Никто не вывозит эту жизнь

Из неопубликованной книги
Файл: Иконка пакета 01_sadulaev.zip (34.06 КБ)

ТРЕТЬЯ ТЕТРАДЬ

Велес лежал на промке и медленно умирал. Было обидно, что приходится оставлять тело, еще вполне пригодное для ведения боевых действий. Чутка подлатать только. Если бы Велес чувствовал, что серьезно покалечен, то умер бы без сожаления. Он не хотел оставаться на всю жизнь больным и беспомощным. Лучше сразу Вальхалла. Но раны были легкими. Просто посекло осколками руки, ноги. Броник защитил спину, а каска — голову. Раны сочились кровью. Опять же, кровь не била фонтаном, никакой артерии не перебило. Если хорошо перевязать, наложить жгуты, остановить кровотечение, то можно выжить. А так за несколько часов кровь из нарушенной целостности организма перетечет в эту странную почву промки, а вместе с ней утечет и жизнь. Велес умирал от потери крови.

При жизни Велес был контрач и служил в разведроте девятого отдельного штурмового полка морской пехоты. Служил давно. Это было третье ранение. Обычно боевое повреждение тела ощущается как сильный удар. Например, пулевое ранение в плечо — это сначала как удар, очень сильный удар в плечо. Потом уже приходит боль развороченного мяса и порванных нервных нитей. Но сегодня осколками резануло словно кнутом с шипами, как-то сразу и ослепительно. Велес от болевого шока и контузии на какое-то время потерял сознание. Отключился. Упал как мертвый. Это было хорошо, потому что противник не стал добивать. Это было плохо, потому что свои не стали выносить. Все подумали, что Велес уже отправился в Вальхаллу. А Велес еще тут, на промке, лежит, истекая кровью.

Группа разведчиков шла, рассредоточившись, по пустырю. Не очень боялись, ведь это место считалось зачищенным. Надо было, наверное, сначала коптером посмотреть, прежде чем выдвигаться. Но, может, коптер и не увидел бы ничего: в развалинах полно навесов и нычек. Метров за четыреста стоял разобранный артиллерией склад с упавшей крышей и полуразвалившимися стенами. Видимо, там и прятался враг. Короткая серия из шести минометных выстрелов застала разведчиков врасплох. Хорошо, что стреляли не очень умело. Морпехи упали на землю при звуке первого выстрела, пять мин разорвалось чуть поодаль, шестая угодила в песок и не разорвалась, торчала хвостовиком наружу. Со стороны склада началась беспорядочная стрельба из стрелкового оружия.

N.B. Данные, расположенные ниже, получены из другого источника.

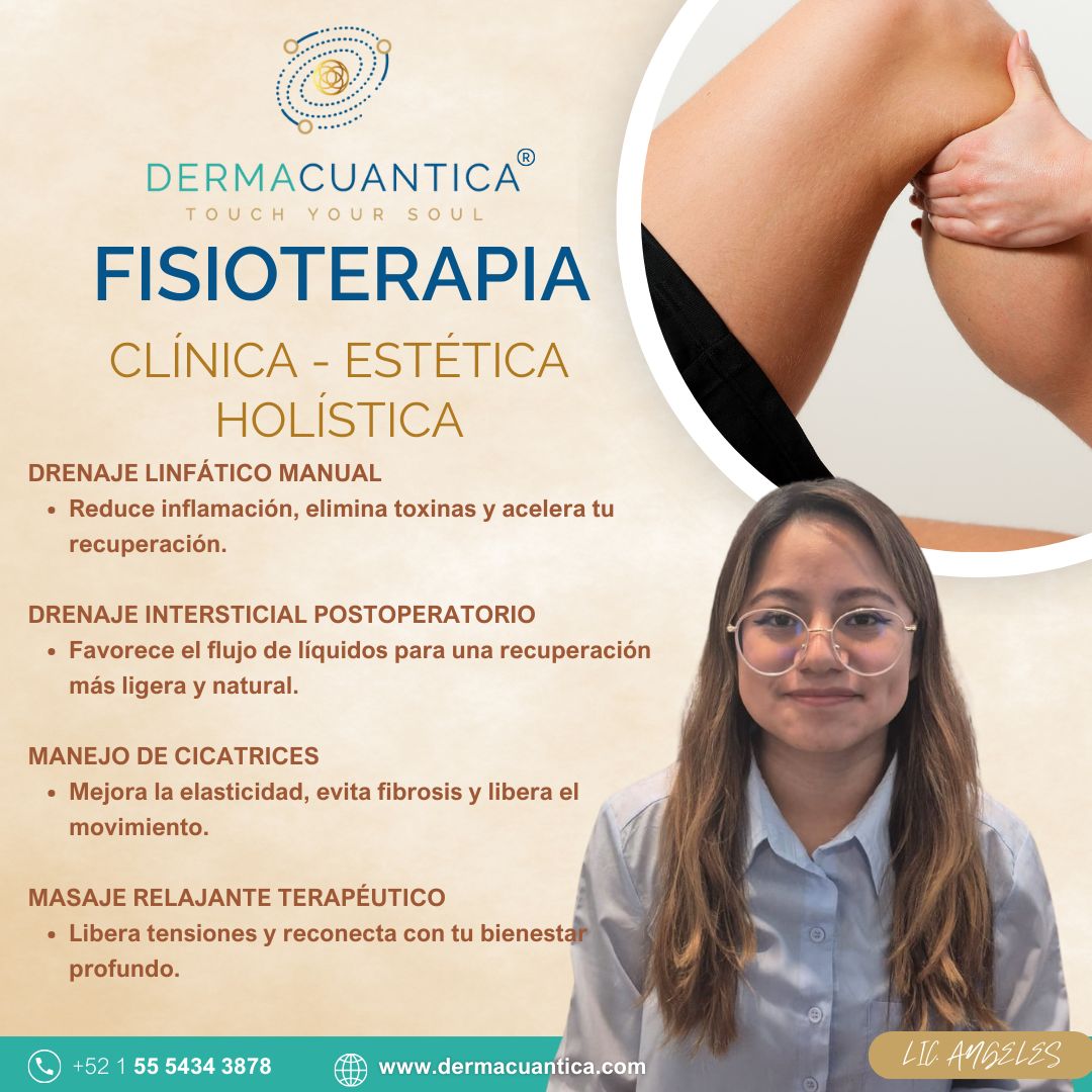 Soy Ángeles López, Licenciada en Terapia Física y Rehabilitación especializada en Fisioterapia Dermatofuncional, la disciplina que revoluciona el cuidado integral de tu piel desde adentro hacia afuera. Mi pasión es transformar no solo la apariencia de tus tejidos, sino restaurar su funcionalidad y vitalidad natural.

Кажется, кто-то вскрикнул, или это показалось Велесу. Были, наверное, легкораненые, которые эвакуировались сами, на своих ногах. В общем, группа быстро отошла: сначала ползком, до укрытий, потом перебежками. А Велеса оставили. Хотя надо было забрать. Даже мертвого положено было вынести. С другой стороны, если мертвый, то он подождет. Живых спасать надо.

Велес думал, что нарвались они, наверное, на кочующую группу тероборонцев с восьмидесятидвухмиллиметровым минометом. Будь там нормальные вояки, положили бы наших всех или половину. А так досталось только ему. Или не только? Велес осторожно повернул голову, пытаясь осмотреться. Больше никого не увидел.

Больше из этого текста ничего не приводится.